-- Supplied data follows --
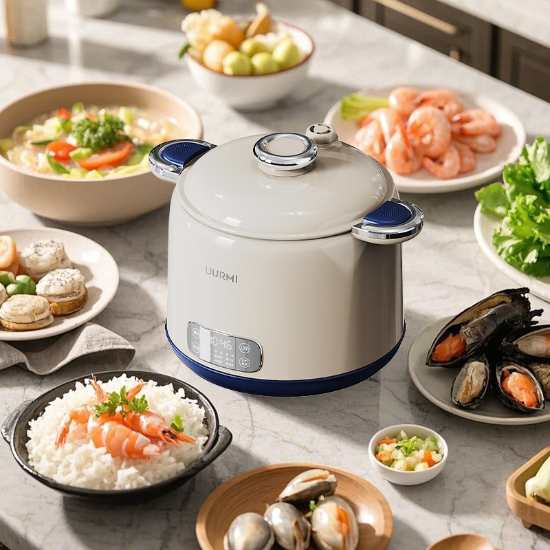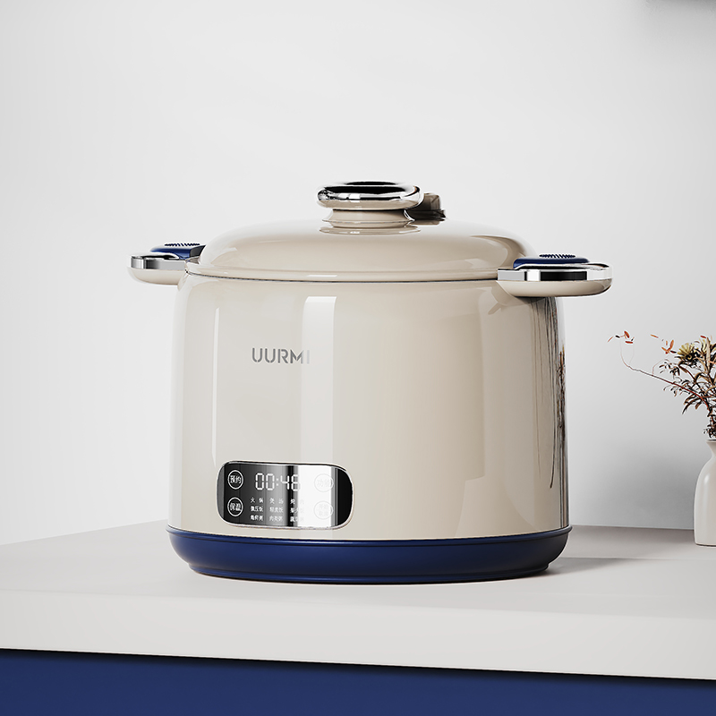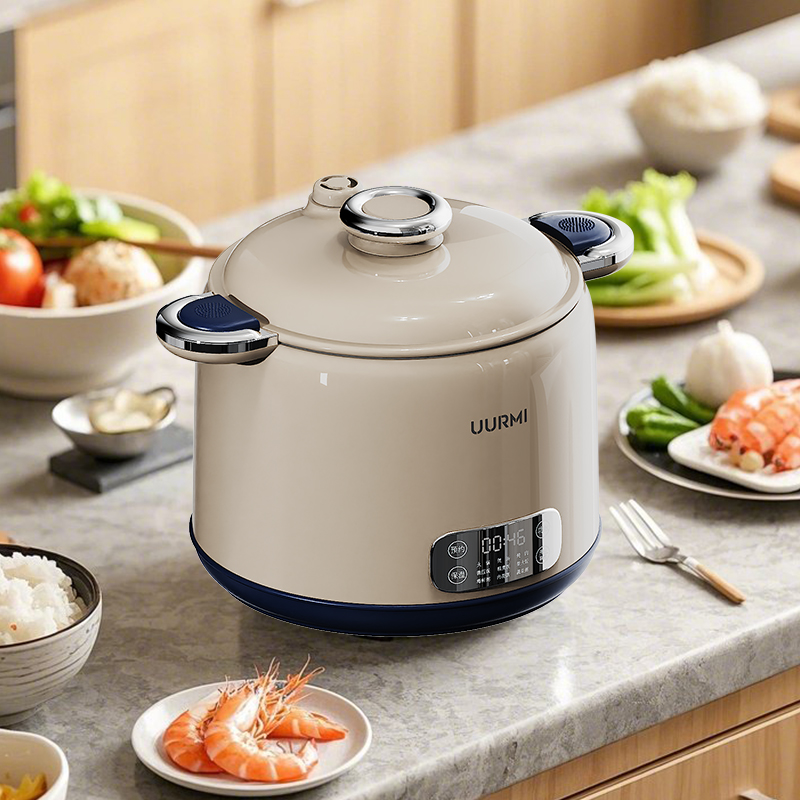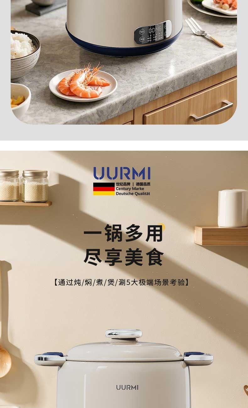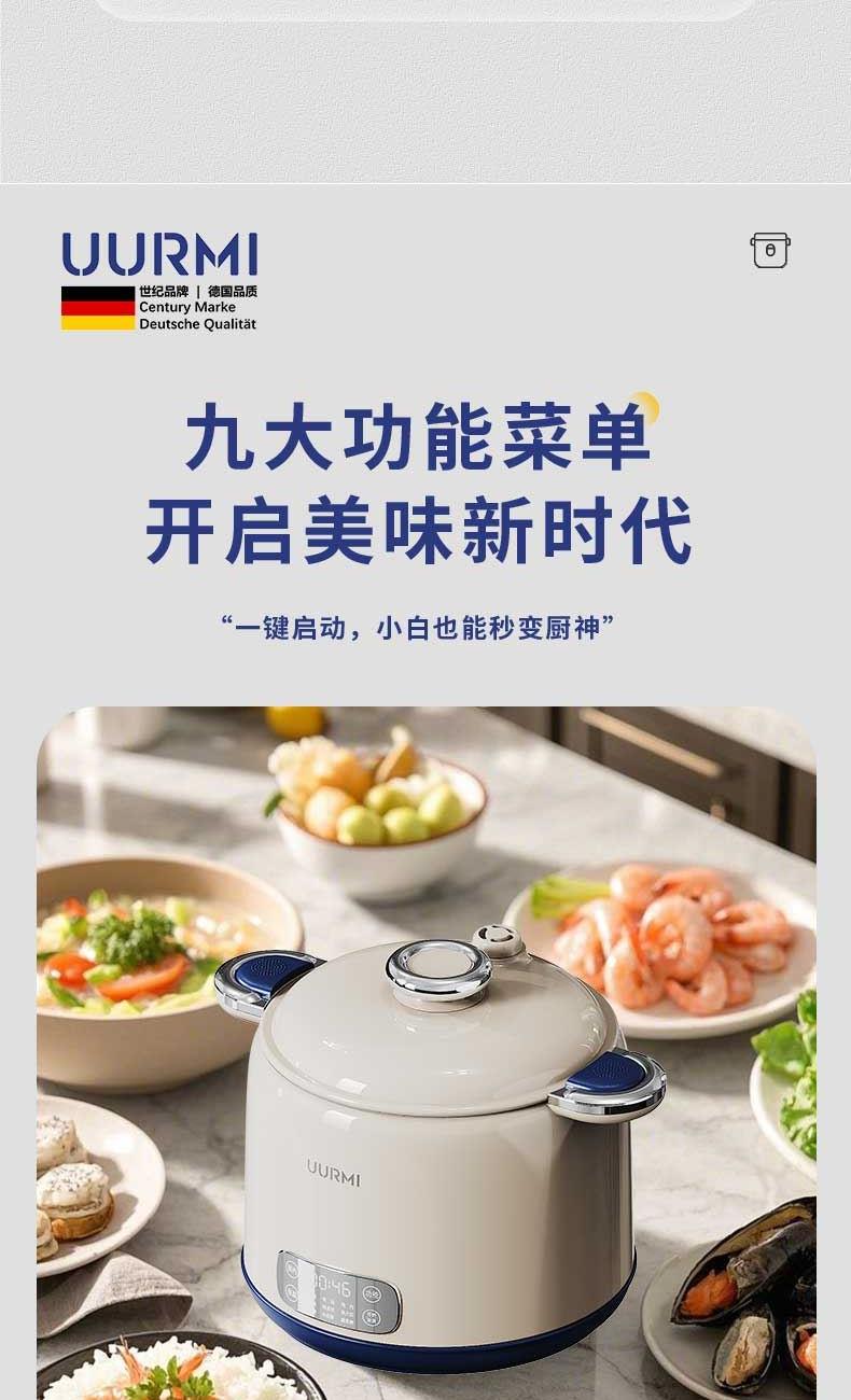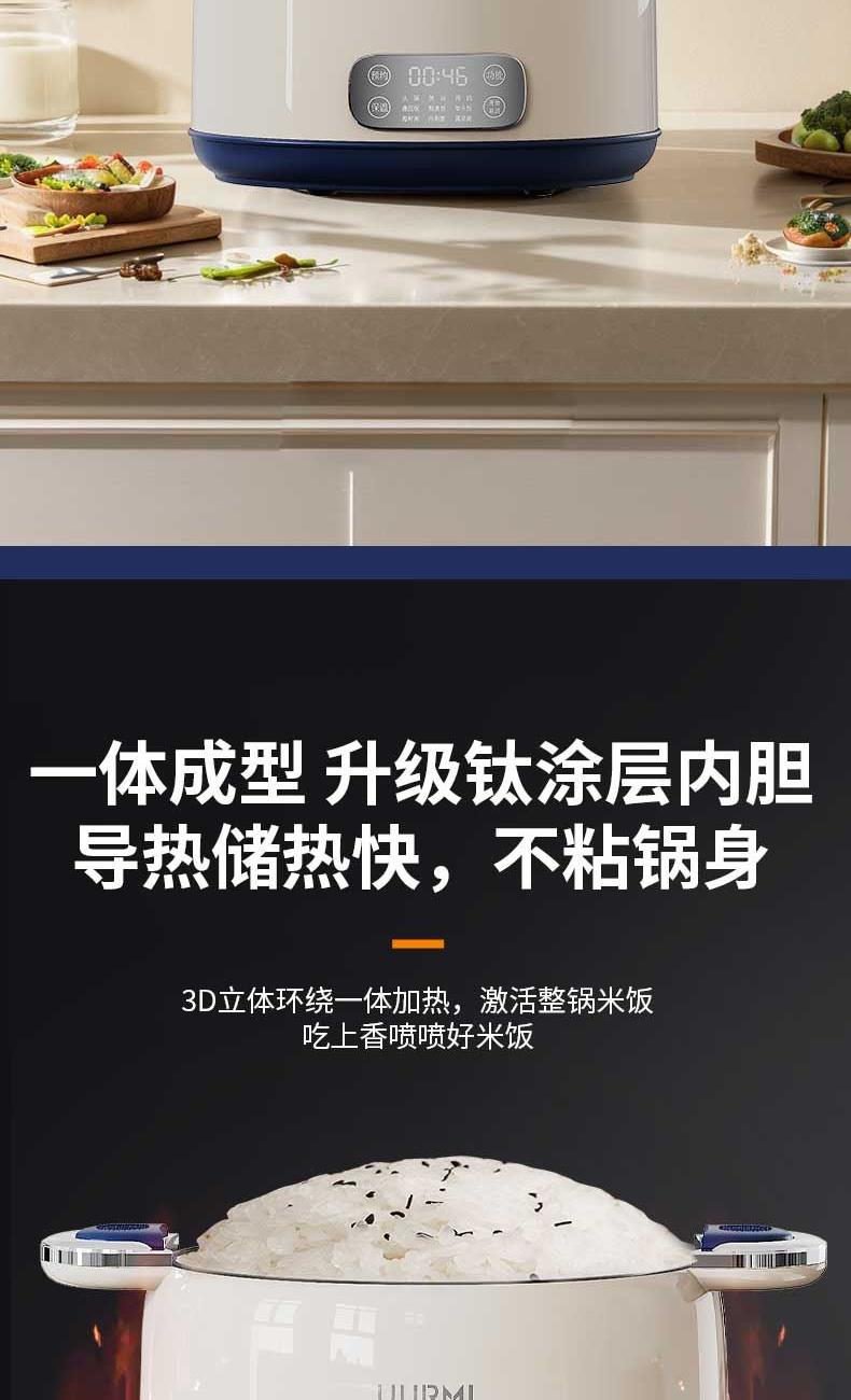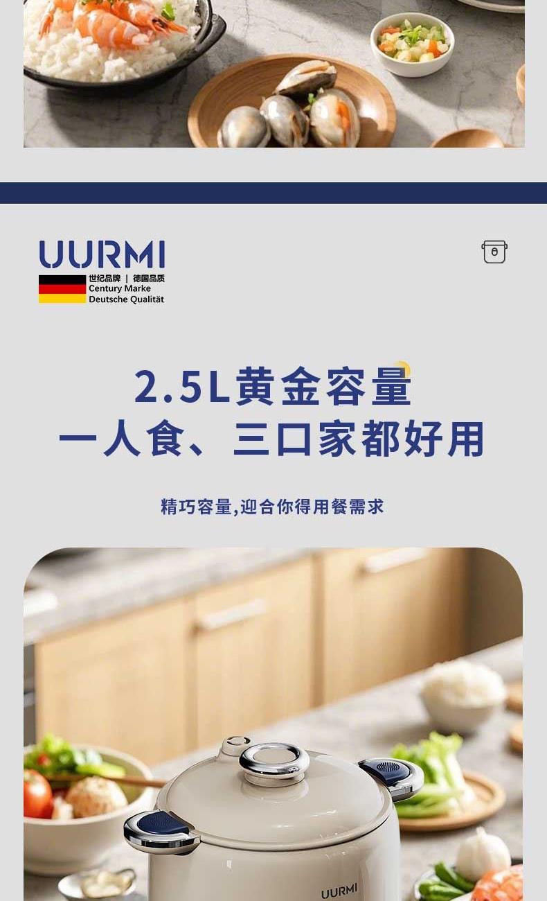 产品型号:UM-FB001 额定功率: 500W 额定电压: 220V 额定频率: 50Hz 容产品量: 2.5L 净重1.1kg 毛重1.49kg 内胆材质:410 能效等级:3级 压力值:1000 电源线长:0.75m 产品材质:PP+430不锈钢喷钛 产品尺寸:281*223*209mm 彩盒尺寸:250*250*208mm 邮购箱尺寸:262*262*223mm 智能六大菜单:微压饭、精煮饭、柴火饭、煲汤、火锅、炖肉; 黄金容量,花式承包一日三餐; 一锅多用,尽享美食; 预约保温来待命,时间轻松掌控; 防烫双把手设计,端拿升级陶瓷油内胆,导热储热快,不粘锅身。
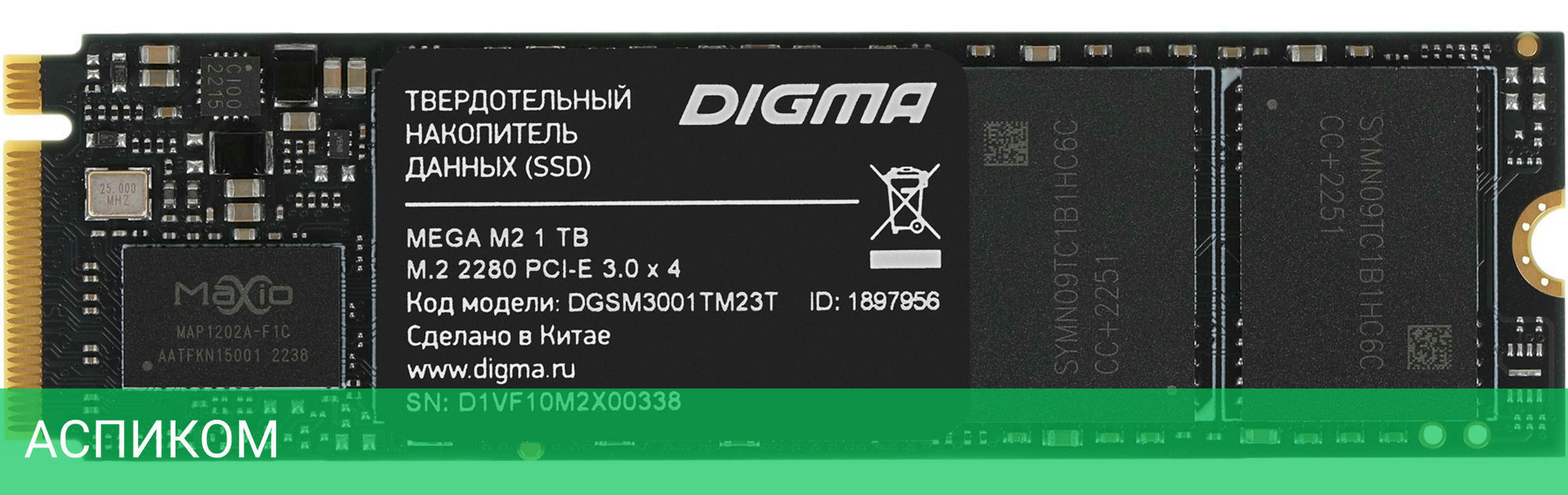 SSD диск Digma Mega M2 1TB (DGSM3001TM23T)/M.2/1 ТБ/PCI Express 3.0 x4/3300MBs/3100MBs/1.5M MTBF/3D TLC NAND/RTL
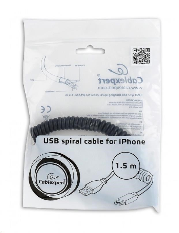 USB sync and charging spiral cable for iPhone, 1.5 m, black
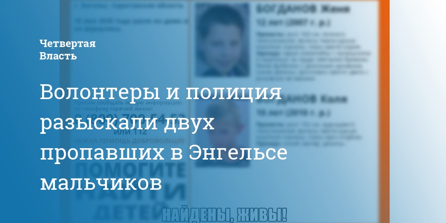 Пост об исчезновении братьев Богдановых – 10-летнего Коли и 12-летнего Жени – появился в группе поисковиков в соцсетях вчера, 18 мая. В розыске участвовали волонтеры и полиция. Уточнялось, что ребята самовольно ушли из дома, их видели в разных местах районного центра.
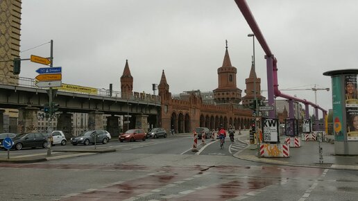 Розовые трубы Берлина на фоне моста Обербаумбрюке
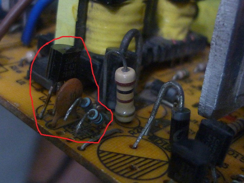 Last instance, replace TL431, same case, replace ceramic capacitor 104, same case.
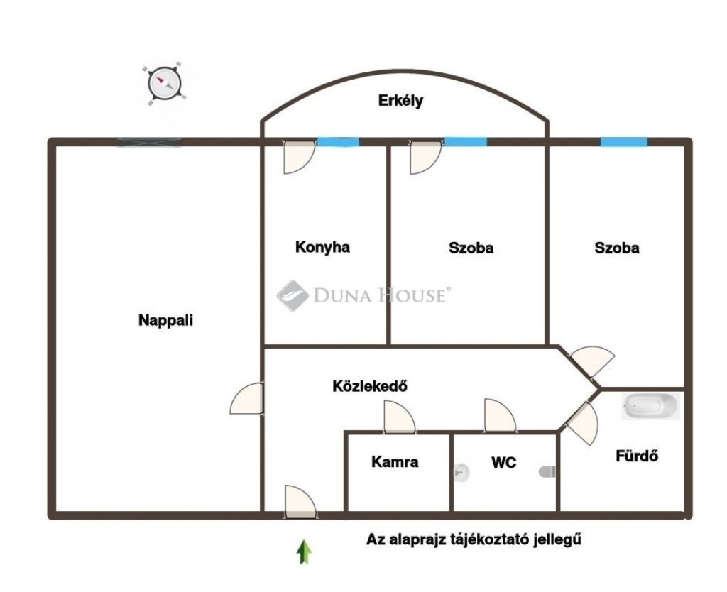 - 6 nm-es, belső kertre néző erkély
-- Supplied data concluded --
Leave the pictures out. Extract exactly the lines running from the one with "Розовые трубы Берлина" through the last entry, both ends included.

 Розовые трубы Берлина на фоне моста Обербаумбрюке
 Last instance, replace TL431, same case, replace ceramic capacitor 104, same case.
 - 6 nm-es, belső kertre néző erkély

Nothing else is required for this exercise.